Source data

+ + + + +

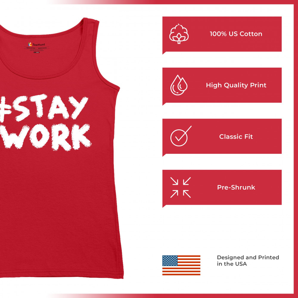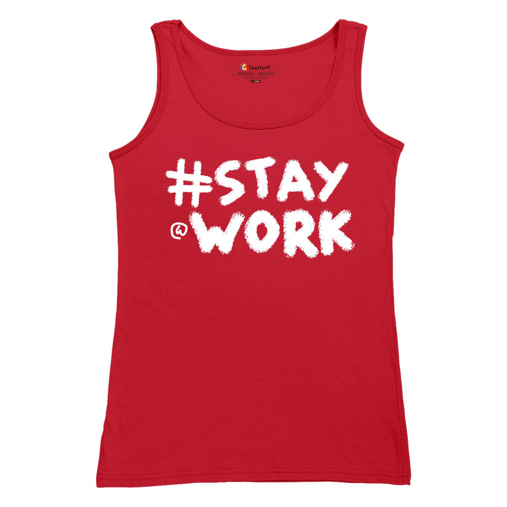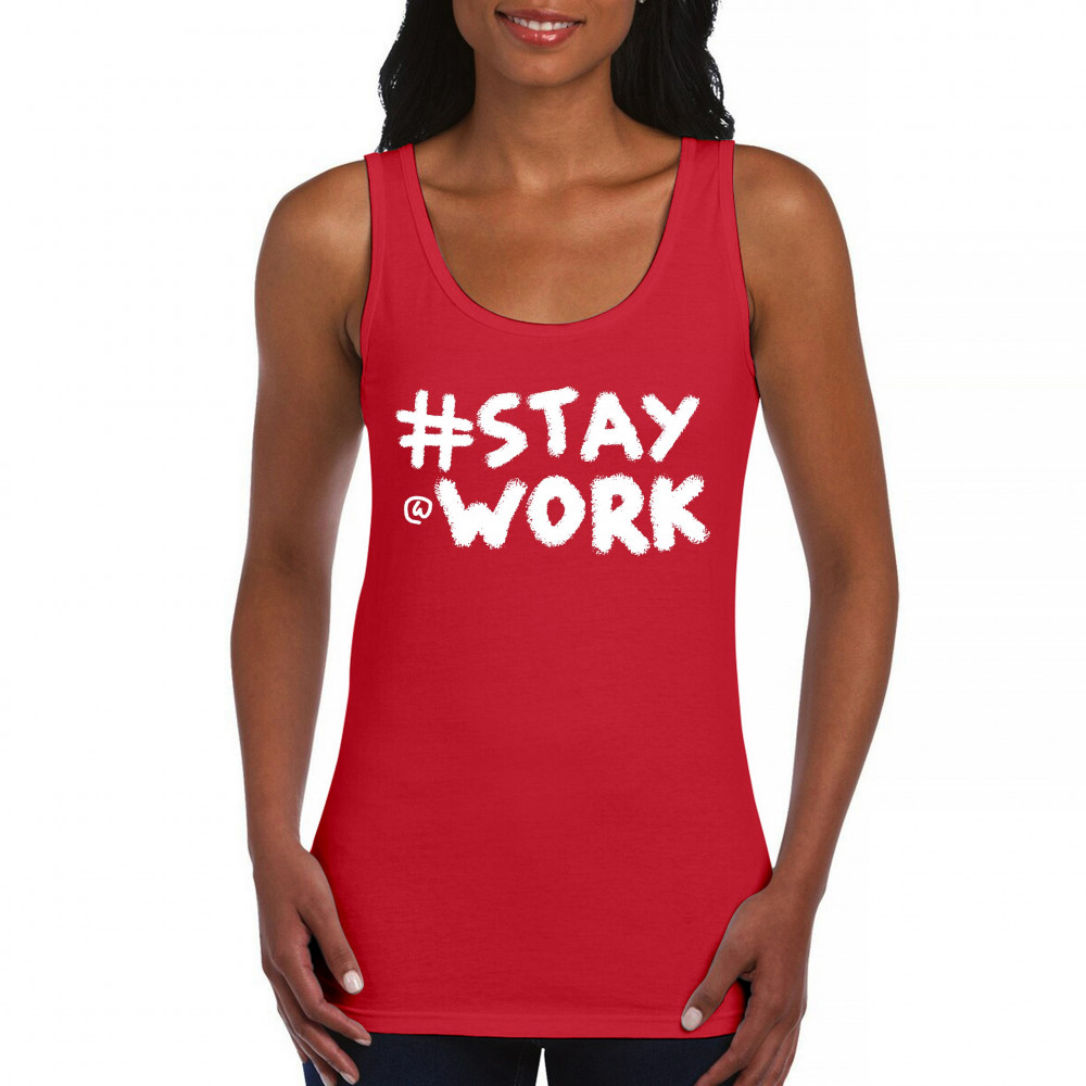 STAY AT WORK FUNNY ELON MUSK TWEET PARODY women's tank top liberal sarcasm red
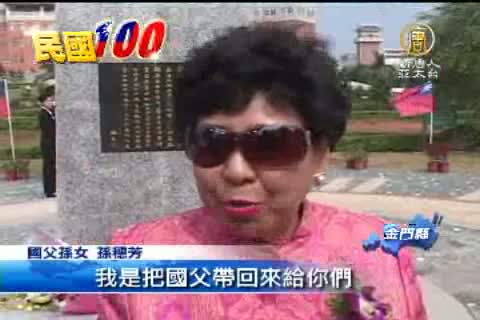 【新唐人亞太台2011年10月8日訊】中華民國建國100年國慶日即將到來,國父孫中山的孫女孫穗芳在昨日訪問金門,替捐贈給金門大學的國父銅像揭幕。針對近來中國大陸拍攝的辛亥革命電影,孫穗芳在接受訪問時說,中國大陸向來都沒有正視辛亥革命史實,她認為,相關歷史還是由台灣來詮釋較為適當。
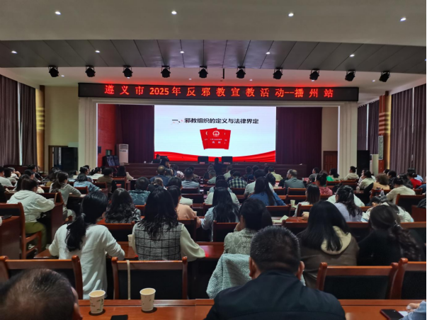 为深入普及反邪教知识,营造崇尚科学、反对邪教、文明和谐的社会环境,使广大人民群众广泛知晓邪教危害、认清邪教本质,自觉反对和抵制邪教,切实筑牢反邪教安全防线。9月25至26日,在2025年全国科普月活动期间,由贵州省反邪教协会、遵义市科协、遵义市反邪教协会主办,汇川区科协、遵义师范学院、播州区科协承办的2025年遵义市反邪教巡回宣教活动顺利开展。活动在汇川区航宇社区、遵义师范学院、播州区桂花桥街道办分别开展专题讲座。活动覆盖街道办、社区居委会干部群众、高校师生等600余人参加。

+ + + + +

What you are asked to do
Pictures stay out; print everything else in the data exactly.

Completed exercise
 STAY AT WORK FUNNY ELON MUSK TWEET PARODY women's tank top liberal sarcasm red
 【新唐人亞太台2011年10月8日訊】中華民國建國100年國慶日即將到來,國父孫中山的孫女孫穗芳在昨日訪問金門,替捐贈給金門大學的國父銅像揭幕。針對近來中國大陸拍攝的辛亥革命電影,孫穗芳在接受訪問時說,中國大陸向來都沒有正視辛亥革命史實,她認為,相關歷史還是由台灣來詮釋較為適當。
 为深入普及反邪教知识,营造崇尚科学、反对邪教、文明和谐的社会环境,使广大人民群众广泛知晓邪教危害、认清邪教本质,自觉反对和抵制邪教,切实筑牢反邪教安全防线。9月25至26日,在2025年全国科普月活动期间,由贵州省反邪教协会、遵义市科协、遵义市反邪教协会主办,汇川区科协、遵义师范学院、播州区科协承办的2025年遵义市反邪教巡回宣教活动顺利开展。活动在汇川区航宇社区、遵义师范学院、播州区桂花桥街道办分别开展专题讲座。活动覆盖街道办、社区居委会干部群众、高校师生等600余人参加。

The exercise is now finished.